Sugar Land has 53,345 registered voters. In the last citywide election of 2012, less than 10 percent or 4,928 people voted, according to Fort Bend County Elections Administrator John Oldham. In the citywide election of 2013 concerning a charter change, 6,845 voters, or a little over 13 percent participated in the election.
“A 10 percent turnout in a city election is considered good,” said Oldham.
If Proposal 7 passes anyone wanting to bring an initiative or referendum to the ballot would need at least 8,000 signatures. Currently less than 2,100 petition signatures are needed.
For Proposition 8 the number of signatures needed to recall the mayor or at-large council member would drop from 25 percent to 15 percent of registered voters.
City of Richmond
The city of Richmond has five proposals on the ballot including increasing the number of commissioners seats from 2 to 4 and increasing the number of required signatures for initiatives. They are also asking voters if the city should be required to make the full audit available to the public instead of the annual summary.
Three candidates are vying for one Richmond City Commissioner seat.
– Barry Beard who was recently appointed by the city in February to serve on the Development Corporation of Richmond board. Beard, a senior vice president of Moody National Bank, serves as the chairman of the Oak Bend Medical Center and is on the board of a number of local number of local business and community groups.
– Tres Davis, 48, a former Lamar CISD teacher and 10-year Richmond resident who frequently challenges the city on “transparency issues” is making his second bid for a commission seat.
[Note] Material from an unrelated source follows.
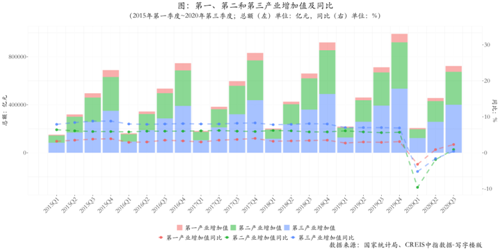 三季度,國內經濟增速由負轉正,同比增長0.7%。9月份,商務活動指數繼續上升,信息傳輸、軟件和信息技術服務業增速最快,制造業PMI與非制造業商務活動指數雙雙回升。分行業來看,前三季度,金融業以及信息傳輸、軟件和信息技術服務業增長較快,增加值增速分別為7.0%和15.9%,合計拉動GDP增長1.3個百分點。服務業景氣繼續擴張。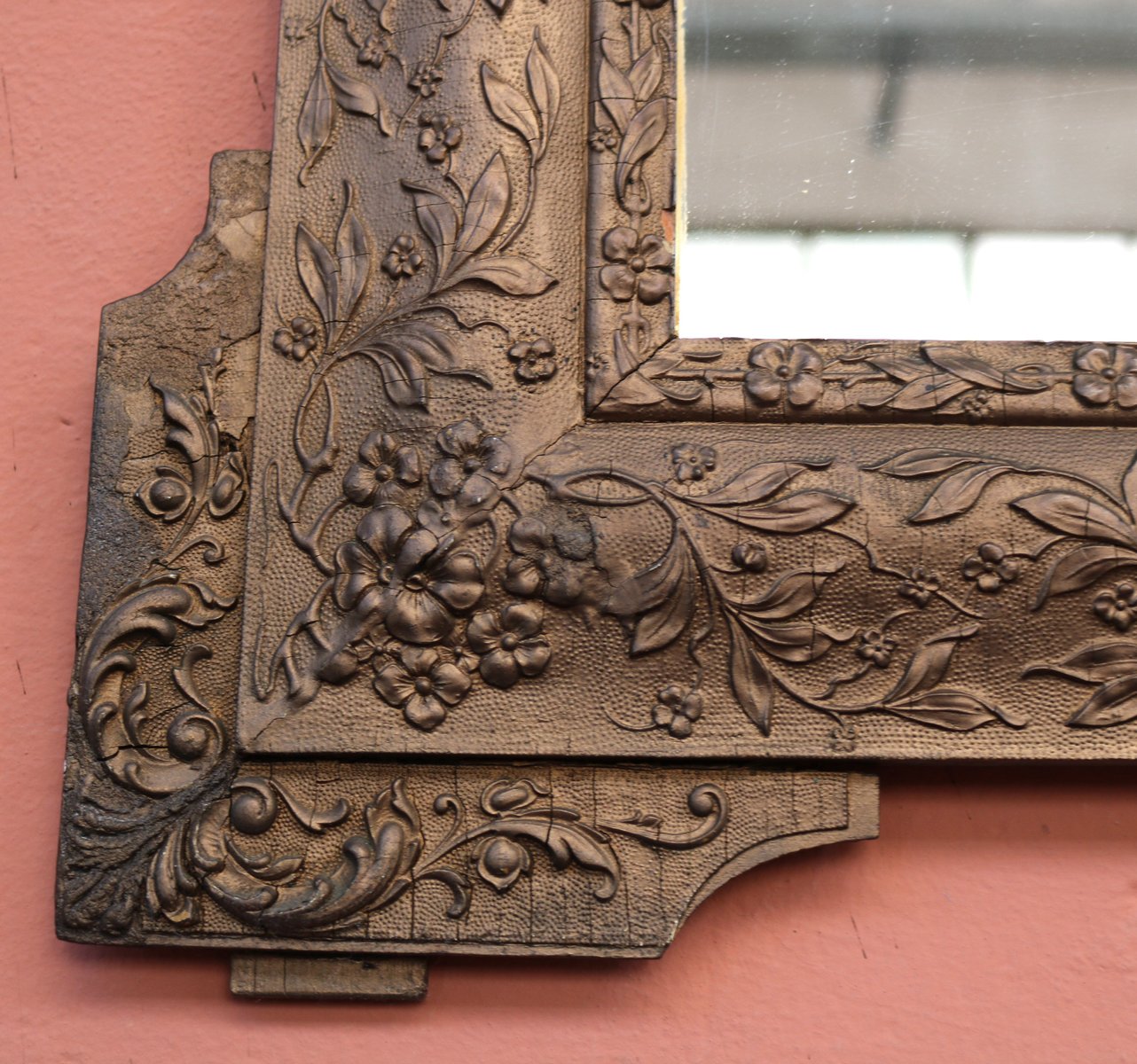 Espejo francés de madera dorada, siglo XIX

Davis is the one who gathered the signatures to put the charter questions on the ballot.
– Carlos Garcia, 58, a small business owner, is making his third run at the city commission seat. He said he supports the referendums to increase from two to four the number of commissioners and he supports three-year term limits. He also supports the North 10th Overpass Project as he said it will provide future economic development.